Astronomers lined up under an asteroid's shadow to measure its size precisely

Astronomers will go to great lengths for science. Recently, dozens of astronomers had the misfortune of traveling to one of the most tempting locales in the southwestern U.S.—Las Vegas. But they weren't there for the city's bright lights—they were there to observe the very dim light of a star thousands of light-years away. And what they specifically wanted to see was the light from that star blink out for a few seconds. That lack of light provided the exact data they needed to help them determine the size of Eurybates, one of the Trojan asteroids that will be the focal point of NASA's Lucy mission.

What the scientists were looking for was an occultation. Most people know the most common form of this phenomenon—an eclipse. But occultations can happen with any background star and can be caused by any foreground object. Calculating where these minor occultations of stars by asteroids will occur takes a significant amount of orbital mechanics and processing power. The Earth itself has to be aligned correctly, and the asteroids and stars have to line up just right and be big enough.
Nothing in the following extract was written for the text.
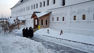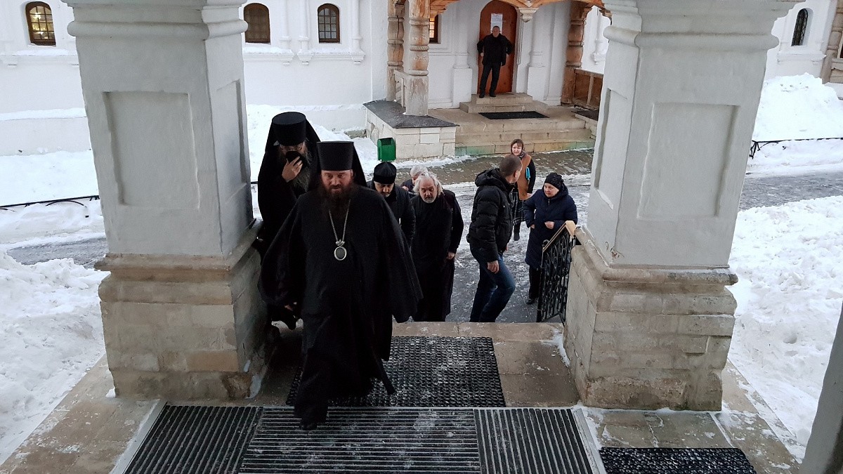 Наместник Саввино-Сторожевского монастыря архимандрит Савва (Фатеев) с братией встретили Преосвященного владыку у собора Рождества Божией Матери, где Его Преосвященство поклонился мощам основателя обители прп. Саввы Сторожевского.

If an asteroid is big enough, it will cause the equivalent of a shadow in the star's light, which can be used as a proxy measurement for its size. The shadow Eurybates caused was approximately 64 km (40 mi) wide, but scientists didn't know its precise dimensions. So they set up observational sites around the perimeter of the shadow as it crossed over the Nevadan desert and measured the amount of time the star was obscured.

On October 20, dozens of scientists spread out in a pattern to catch as much of the occultation as possible and use this observational data to calculate the true size of Eurybates, which is one of the targets of the Lucy mission to the Trojan asteroids. As with all science, it's never as easy as it sounds.
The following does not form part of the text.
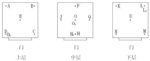 在被恒溫恒濕試驗(yàn)箱工作室內(nèi)定出上、中、下三個水平層面(簡稱上、中、下三層),上層與工作室頂面的距離是工作室高度的1/10,中層通過工作室?guī)缀沃行狞c(diǎn)O,下層在底層樣品架上方10mm處。 恒溫恒濕試驗(yàn)箱測量點(diǎn)分別位于上、中、下三層,如圖1和圖2。 溫度測量點(diǎn)用O、A、B、C、D、E、F、G、H、J、K、L、M、N、U表示。 相對濕度測量點(diǎn)用Oh、Dh、Hh、Lh表示。 工作室容積不大于2m3時,溫度測量點(diǎn)為9個,相對濕度測量點(diǎn)為3個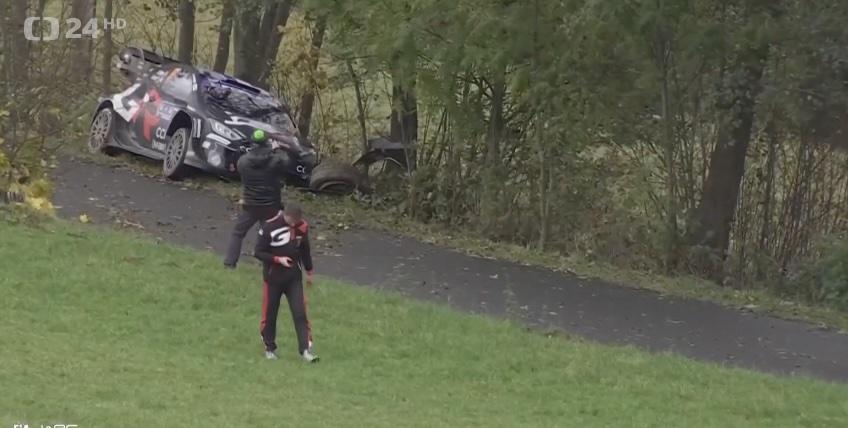 Jednačtyřicetiletý Ogier měl po páteční etapě v čele náskok jen šest desetin sekundy na Rovanperäho, hned v prvním dnešním testu ale o vedení přišel. Na druhém měřeném úseku "Keply", prvním ze čtyř na českém území, poté skončil se svou toyotou mimo trať a vypadl ze hry o vítězství. Opakovala se situace z loňska, kdy také na Středoevropské rallye skončil předčasně kvůli havárii.

Despite taking place in a desert, clouds almost obscured the entire occultation, making it impossible to collect the data needed to find the true scope of the asteroid. Just to make the calculations even more complicated, Hubble found a moon orbiting Eurybates that could confuse the data if it were not ideally positioned out of the way during the occultation.
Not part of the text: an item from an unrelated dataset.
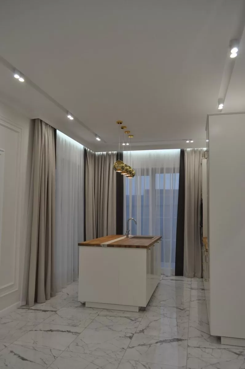 Портьеры из плотного материала с контрастной обтачкой по периметру формируют аккуратные драпировки, визуально структурируют пространство и служат стильным акцентом в интерьере.

Luckily the stars (and asteroids, and clouds) aligned, and the scientists were able to collect the data necessary to constrain the size of Eurybates better. That updated estimate should also allow astronomers to better estimate the size of Lucy's other targets. This also won't be the only occultation the Lucy team will observe—they'll be traveling, most likely to much less hospitable places than Las Vegas, until Lucy's last flyby of Patroclus, another Trojan asteroid, in 2033.